The routing, caching, and evaluation decisions that stopped model spend from scaling with usage.

Mudassar IqbalFounder and Principal Engineer, Valtair
Published 6 min read

LeadVector does account research with agents, and research is expensive if you let it be. Early on, cost scaled almost linearly with usage, which is the wrong shape for a product. This is a short account of the decisions that flattened that curve without hurting quality.

Route before you reach for the biggest model

Not every step needs the most capable model. We route by task: cheap models handle extraction and formatting, stronger models handle reasoning that actually needs them.

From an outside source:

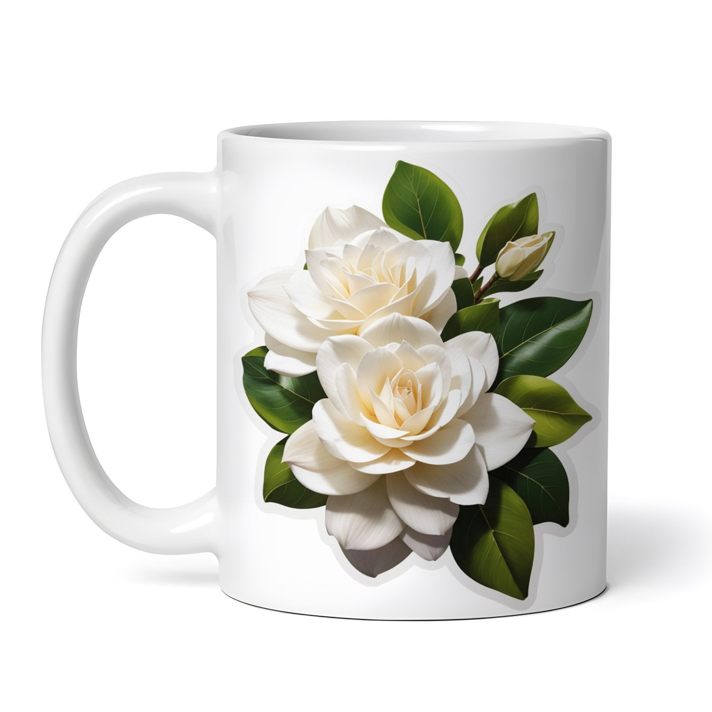 Cana ceramica, Flori de gardenia cu boboci, NO8211, 330 ml, Multicolor
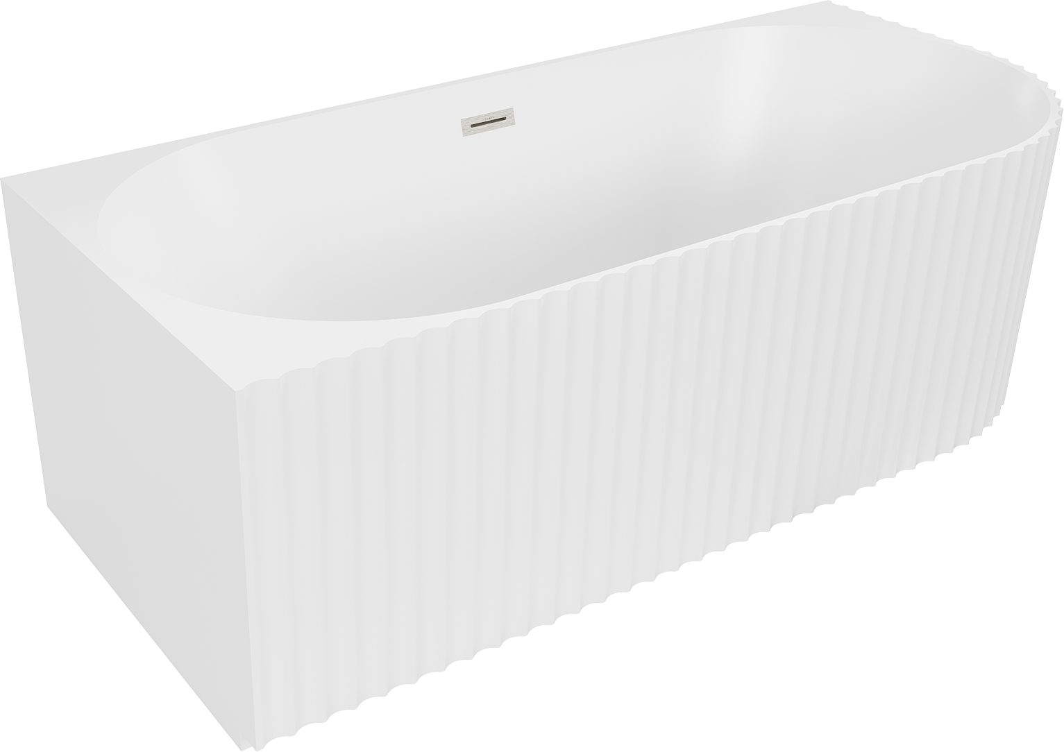 Mexen Gia самостоятелна, ъглова, оребрена лява вана 150 x 75 cm, бяла мат, преливник никел матов - 52701507501L-97

Most of the volume runs on the cheaper path, and the expensive path is reserved for where it earns its cost.

Cache the work, not just the answer

Account research repeats. The same company gets looked at more than once, and much of the intermediate work can be reused. We cache at the level of research steps, not just final answers, so a second look at an account is mostly free.

Let evaluation catch regressions

Cost work is dangerous without evaluation, because it is easy to make something cheaper and quietly worse. Every routing or caching change runs against our evaluation set first, so we can see whether we saved money at the expense of quality.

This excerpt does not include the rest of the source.